WHAT THIS TASK INVOLVES: Pictures in the data should be dropped; transcribe exactly the lines from the one that has "Financial Management in Business Whether" through the one that has "CERANO - Velora".

DATA RECORDS:
###

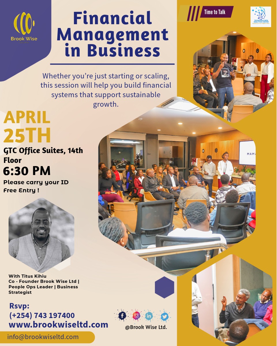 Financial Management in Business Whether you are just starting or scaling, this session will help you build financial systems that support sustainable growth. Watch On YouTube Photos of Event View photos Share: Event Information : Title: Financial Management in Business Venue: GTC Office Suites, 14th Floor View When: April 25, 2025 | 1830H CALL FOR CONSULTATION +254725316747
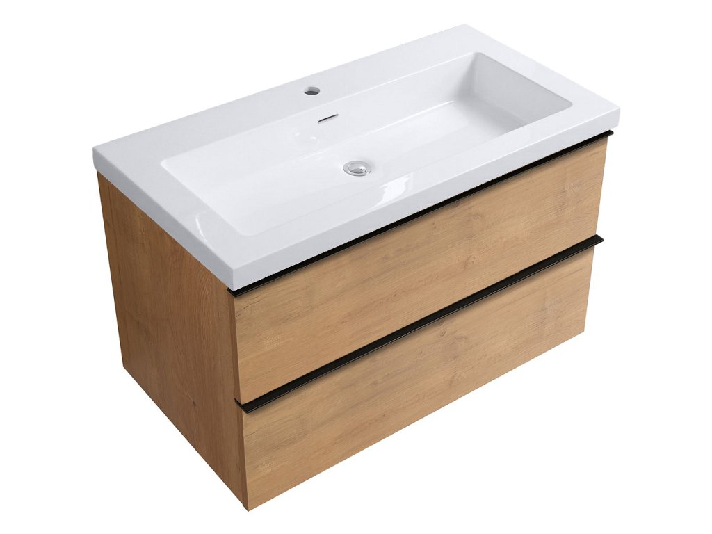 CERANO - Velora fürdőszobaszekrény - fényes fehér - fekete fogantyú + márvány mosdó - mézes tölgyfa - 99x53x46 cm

###

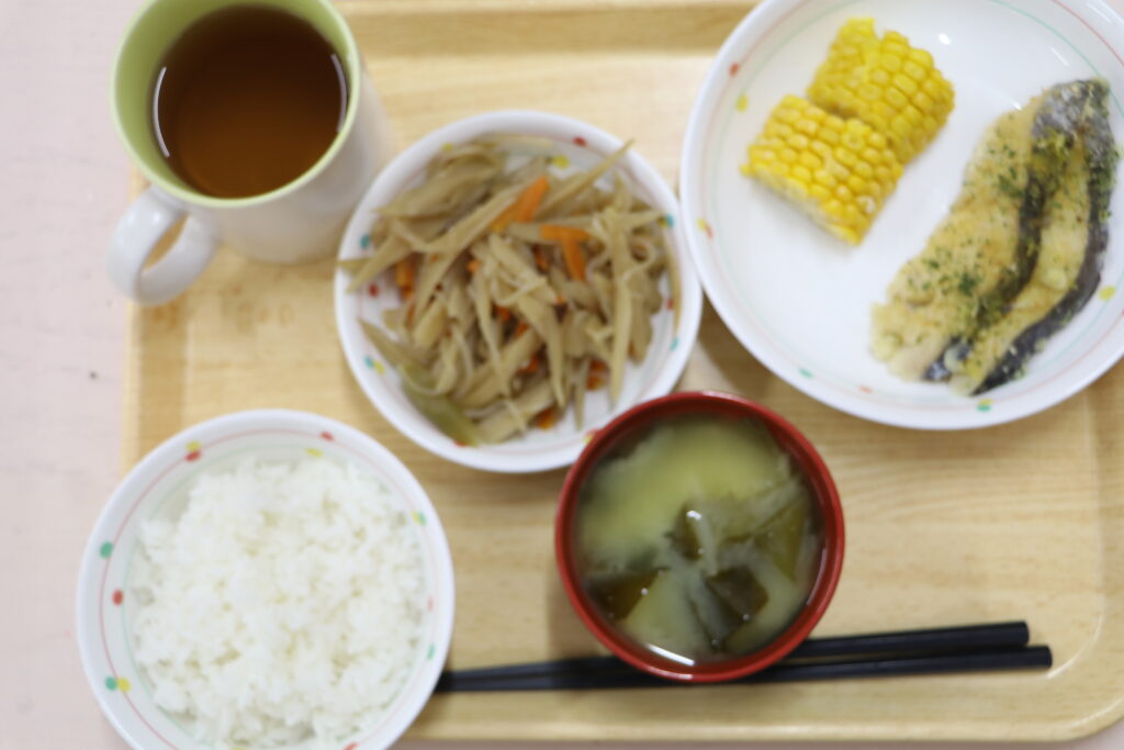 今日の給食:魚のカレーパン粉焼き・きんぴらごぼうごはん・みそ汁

###

SOLUTION TO THIS PROBLEM:
 Financial Management in Business Whether you are just starting or scaling, this session will help you build financial systems that support sustainable growth. Watch On YouTube Photos of Event View photos Share: Event Information : Title: Financial Management in Business Venue: GTC Office Suites, 14th Floor View When: April 25, 2025 | 1830H CALL FOR CONSULTATION +254725316747
 CERANO - Velora fürdőszobaszekrény - fényes fehér - fekete fogantyú + márvány mosdó - mézes tölgyfa - 99x53x46 cm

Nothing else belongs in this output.